This is a question HighBridge hears frequently. Obviously, HighBridge is “bullish” on the Cannabis industry in general, and our company in particular!
Specific to HighBridge, the company is continually reviewing its progress, accomplishments and opportunities. This leads us to reconsider the overall valuation of the company, as well as what that looks like on a “per share” basis. With that in mind, HighBridge now considers itself to be out of the R&D phase and entering the Execution stage. This will soon be reflected in a higher per share valuation.*
As the industry moves closer to national legalization, it is clear that investment capital is being positioned to move into the cannabis arena. When that happens it will undoubtedly spur a huge growth in valuation for all cannabis and cannabis related companies.
Consider the following article from the March 5, 2020 Cannabis Investors Newsletter. Then ask yourself if the time is right for you to add HighBridge to your portfolio and investment strategy.
*For questions or more information, please contact HighBridge Investor Relations: email@example.com.
A New Surge of Cannabis Cash Is Ready to Be Spent
Institutional investors are ready to make their cannabis play…
Cannabis isn’t waiting for Wall Street. There is a wall of money building up, reaching billions of dollars. Corporations and private equity pros see the opportunity to mint incredible profits. And the last year made this opportunity five times bigger.
There are literally billions of dollars in cash sitting on balance sheets. Canopy Growth Corp. (NYSE: CGC) and Cronos Group Inc. (Nasdaq: CRON) alone have $4.4 billion in cash between them.
And another $2.8 billion sitting in newly formed companies specifically created to buy up cannabis companies. That $7.2 billion is enough to buy up almost every publicly traded cannabis company. In fact, it’ll cover the cost of about 80% of publicly-traded cannabis companies tracked in the NICILytics database.
So, the money is there – primed to buy up cannabis companies and assets.
As that wave scoops up cannabis stocks, anyone invested correctly in cannabis right now is perfectly positioned to ride this wave of capital to all-time highs, and beyond.
And at the Benzinga Cannabis Capital Conference in Miami last week, there was even more proof of players looking to make their move in cannabis…
New-Found Purchasing Power
For starters, the conference kicked off with a keynote address from former Canopy Growth CEO Bruce Linton. In his talk, he announced he’s launching a special purpose acquisition corporation (SPAC) called Collective Growth Corp. that’s already seeded with $150 million.

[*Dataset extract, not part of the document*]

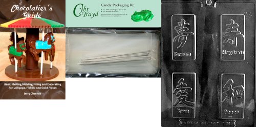 Cybrtrayd Asian Symbols Box Set International Chocolate Candy Mold with Chocolatier's Bundle, Includes 25 Cello Bags, 25 Silver Twist Ties and Chocolatier's Guide
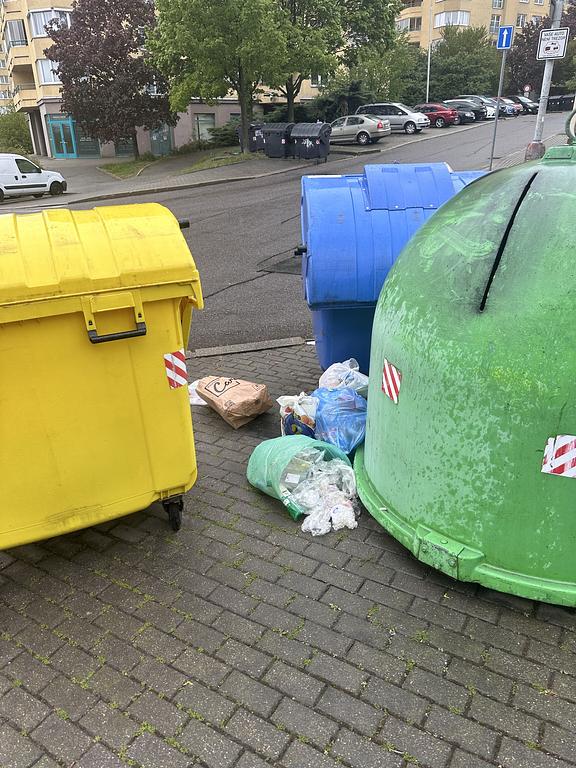 Neporadek a vyhazene odpadky u kontejneru trideneho odpadu

Now, SPACs are interesting vehicles. These are “blank check” companies, meaning they raise money with no real mandate.
They are mostly used for the specific purpose of funding acquisitions, and should the money not be invested usually within eighteen to twenty-four months, that money is returned to investors – sometimes with interest.
This latest SPAC from Bruce joins 11 other SPACs of which I’m aware.
Combined, these buy-up pools of money have $2.8 billion in purchasing power between them. And many of these SPACs are backed by venture capital funds, private equity firms, and investment banks.
Institutional Investors Look to Claim Their Stake
This was one of the first cannabis conferences where most of the investment bankers weren’t Canadian banks. Instead, traditional Wall Street bankers, some Americanbased boutique firms, and at least five other venture funds all looking for deals in private cannabis startups were there. And it’s no wonder – as our Cannabis Venture Syndicate members know, private investment deals have the potential to create life-changing profits.
This tells us that institutional investors in the United States are now looking hard at cannabis companies.
That means stock ownership will soon move into the hands of stronger, more strategically-oriented investors – and stock prices will make their way higher, properly reflecting a doubling of revenues and markedly-improved profitability.
U.S. Companies Plan to Expand Through Acquisition
Well-funded multi-state operators (MSOs), like Cresco Labs Inc. (OTC: CRLBF) with $200 million in credit lined up, are ready to take advantage of ground-floor stock prices and expand through careful acquisition.
In the cannabis industry, becoming a multi-state operator (MSO) is more important than ever.**
Another thing that struck me was how attendance was dominated by American multi-state operators rather than Canadian limited partnerships (LPs).
Companies like SLANG Worldwide Inc. (OTC: SLGWF) and privately-held Wana Brands seemed to have partnerships left and right, as everyone is looking to export their brand across the country.
Finally, the conference was twice as big as last year. That speaks to the fact that there is a lot of resilience among cannabis players and confidence in the year ahead.